Task prompt -
Please copy the lines below, exactly as they are, from the one with "Well, it's not" through the one with "Lily Floral Tulips", and leave out the pictures.

Data to process -
%%

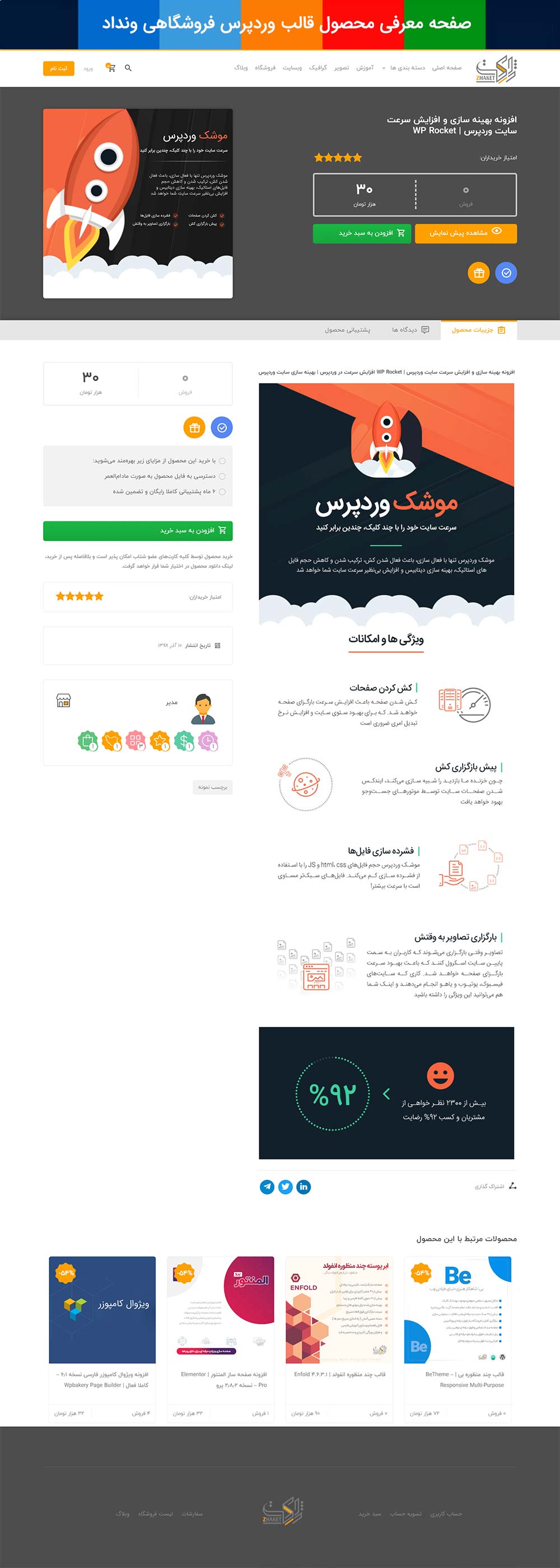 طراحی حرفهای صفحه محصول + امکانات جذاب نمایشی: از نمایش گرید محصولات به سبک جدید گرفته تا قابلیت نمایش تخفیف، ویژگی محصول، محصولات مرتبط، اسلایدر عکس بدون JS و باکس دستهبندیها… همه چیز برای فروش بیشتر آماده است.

%%
%%

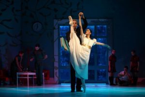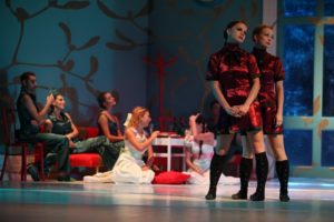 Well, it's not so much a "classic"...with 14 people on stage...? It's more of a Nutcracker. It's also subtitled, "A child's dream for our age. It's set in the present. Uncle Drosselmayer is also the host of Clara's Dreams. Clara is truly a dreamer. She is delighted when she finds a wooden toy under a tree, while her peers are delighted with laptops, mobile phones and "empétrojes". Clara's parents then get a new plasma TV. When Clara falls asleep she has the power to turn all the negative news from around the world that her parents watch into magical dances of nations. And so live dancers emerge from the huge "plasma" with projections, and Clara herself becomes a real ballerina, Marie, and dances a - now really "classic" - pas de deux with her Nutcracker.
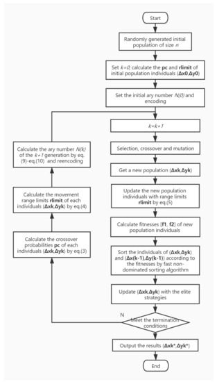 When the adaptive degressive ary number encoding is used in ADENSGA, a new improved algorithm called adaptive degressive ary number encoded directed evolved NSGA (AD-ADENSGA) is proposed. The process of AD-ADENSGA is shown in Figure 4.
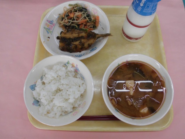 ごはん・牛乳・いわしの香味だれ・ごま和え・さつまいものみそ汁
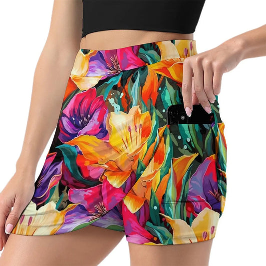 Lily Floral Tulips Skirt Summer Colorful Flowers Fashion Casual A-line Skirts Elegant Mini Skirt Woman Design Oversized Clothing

%%

Exercise output -
 Well, it's not so much a "classic"...with 14 people on stage...? It's more of a Nutcracker. It's also subtitled, "A child's dream for our age. It's set in the present. Uncle Drosselmayer is also the host of Clara's Dreams. Clara is truly a dreamer. She is delighted when she finds a wooden toy under a tree, while her peers are delighted with laptops, mobile phones and "empétrojes". Clara's parents then get a new plasma TV. When Clara falls asleep she has the power to turn all the negative news from around the world that her parents watch into magical dances of nations. And so live dancers emerge from the huge "plasma" with projections, and Clara herself becomes a real ballerina, Marie, and dances a - now really "classic" - pas de deux with her Nutcracker.
 When the adaptive degressive ary number encoding is used in ADENSGA, a new improved algorithm called adaptive degressive ary number encoded directed evolved NSGA (AD-ADENSGA) is proposed. The process of AD-ADENSGA is shown in Figure 4.
 ごはん・牛乳・いわしの香味だれ・ごま和え・さつまいものみそ汁
 Lily Floral Tulips Skirt Summer Colorful Flowers Fashion Casual A-line Skirts Elegant Mini Skirt Woman Design Oversized Clothing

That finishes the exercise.